## Install for AMD GPU

Supported GPU : MI300X, MI308X

GPU arch : gfx942

Step 1: prepare docker envrionment

Tow recommended docker container to start with 

- rocm/pytorch:rocm6.2_ubuntu22.04_py3.10_pytorch_release_2.3.0 : hosted in dockerhub, no conda
- [dockerhub repo](https://github.com/yiakwy-xpu-ml-framework-team/Tools-dockerhub/blob/main/rocm/Dockerfile.rocm62.ubuntu-22.04) : Customerized Dockerfile with conda virtual env and develop kit support

An example to create an docker container :

```bash
# create docker container
IMG=rocm/pytorch:rocm6.2_ubuntu22.04_py3.10_pytorch_release_2.3.0
tag=py310-rocm6.2-distattn-dev

docker_args=$(echo -it --privileged \
 --name $tag \
 --ulimit memlock=-1:-1 --net=host --cap-add=IPC_LOCK \
 --device=/dev/kfd --device=/dev/dri \
 --ipc=host \
 --security-opt seccomp=unconfined \
 --shm-size 16G \
 --group-add video \
 -v $(readlink -f `pwd`):/workspace \
 --workdir /workspace \
 --cpus=$((`nproc` / 2  - 1)) \
 $IMG
)

docker_args=($docker_args)

docker container create "${docker_args[@]}"

# start it
docker start -a -i $tag
```

Update ROCM SDK using this [script](https://github.com/yiakwy-xpu-ml-framework-team/Tools-dockerhub/blob/main/rocm/update_sdk.sh):

```bash
# e.g.:
ROCM_VERSION=6.3 bash rocm/update_sdk.sh
```

Step 2 : build from local.

install flash_attn from source

```bash
pip install flash_attn@git+https://git@github.com/Dao-AILab/flash-attention.git
```

then install yunchang

> MAX_JOBS=$(nproc) pip install . -verbose

**Features:**

1. No Limitation on the Number of Heads: Our approach does not impose a restriction on the number of heads, providing greater flexibility for various attention mechanisms.

2. Cover the Capability of either Ulysses and Ring: By setting the ulysses_degree to the sequence parallel degree, the system operates identically to Ulysses.
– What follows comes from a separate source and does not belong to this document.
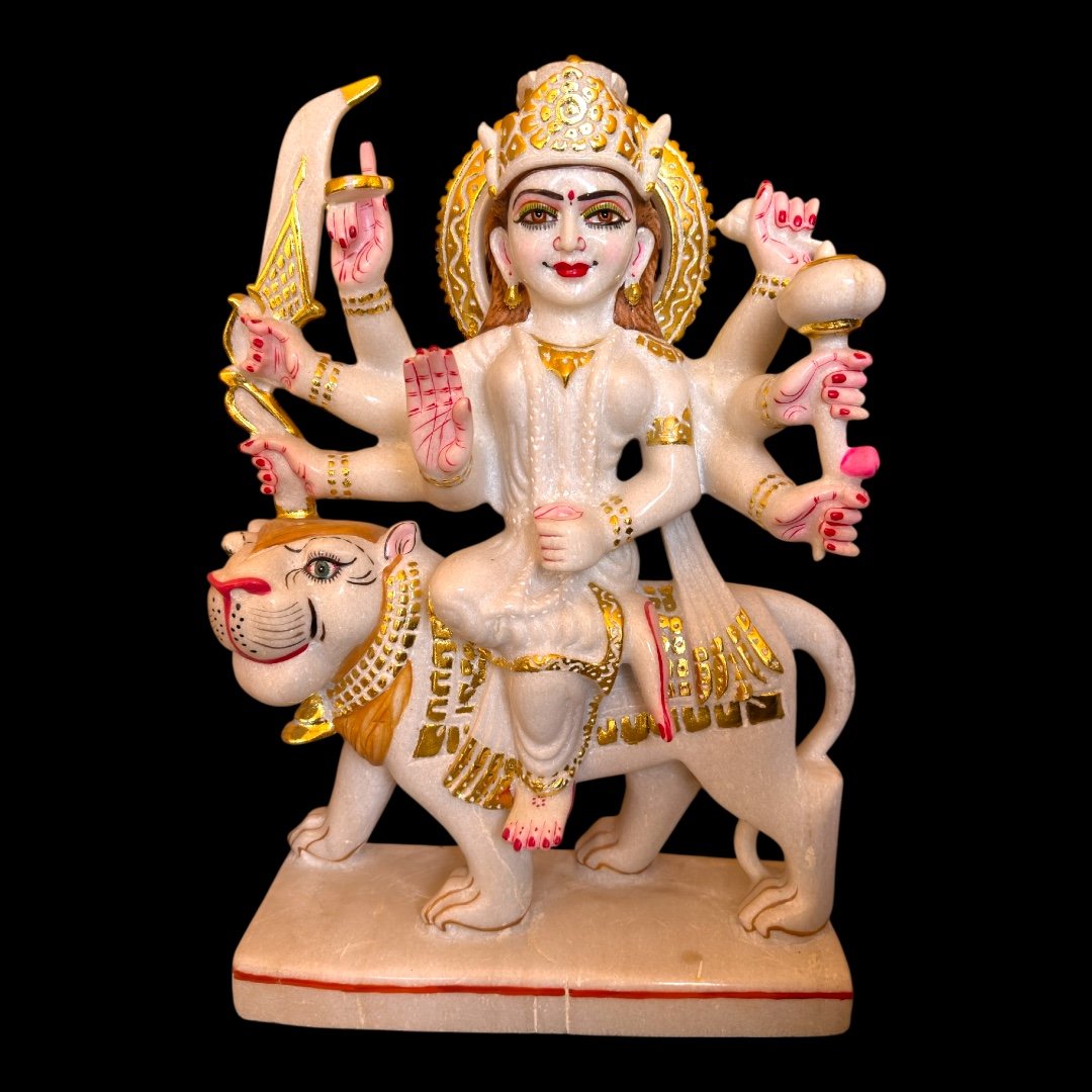 Bring home divine energy, peace, and protection with this stunning Maa Durga marble murti.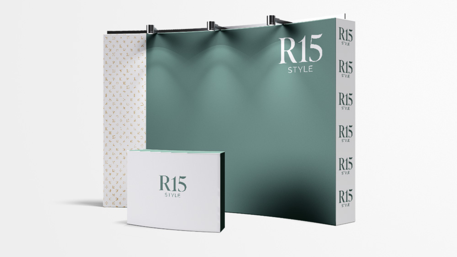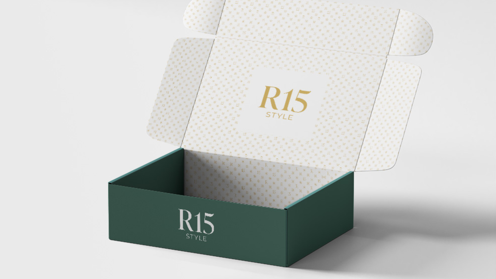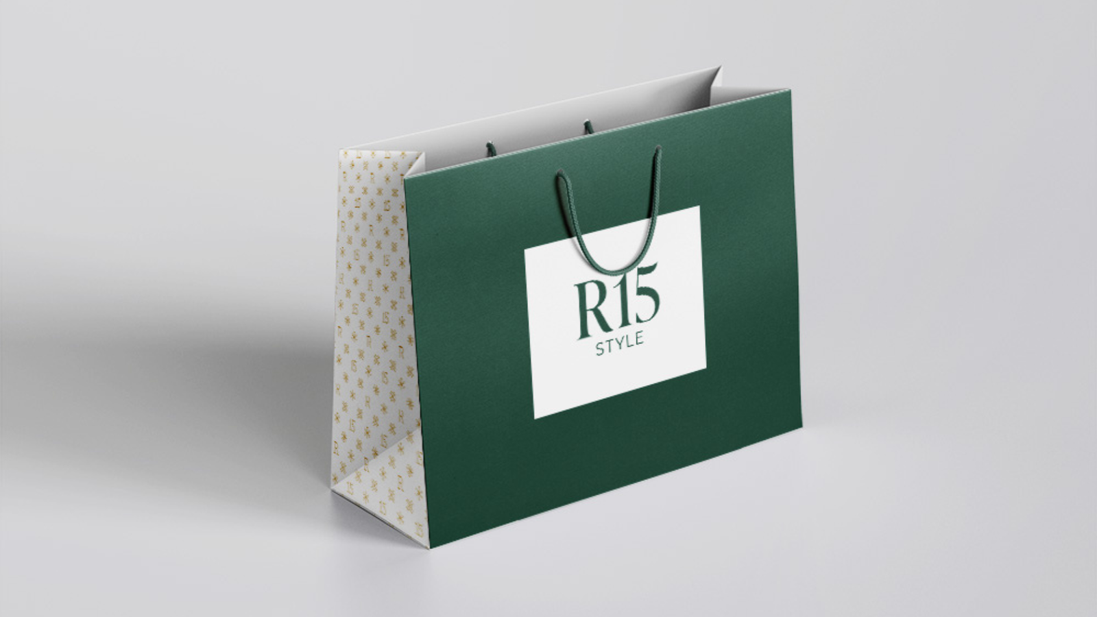 El rediseño de la marca se centró en destacar el nombre “R15” como el eje central de la identidad, simplificando la tipografía y ajustando los colores para reforzar su elegancia. La paleta cromática reducida a verde profundo, blanco y dorado se diseñó para evocar exclusividad y sofisticación, evitando combinaciones que diluyeran su impacto visual.

Conversely, setting the ulysses_degree to 1 mirrors the functionality of Ring.

3. Enhanced Performance: We achieve superior performance benchmarks over both Ulysses and Ring, offering a more efficient solution for attention mechanism computations.

4. Compatibility with Advanced Parallel Strategies: LongContextAttention is fully compatible with other sophisticated parallelization techniques, including Tensor Parallelism, ZeRO, and Pipeline Parallelism, ensuring seamless integration with the latest advancements in parallel computing.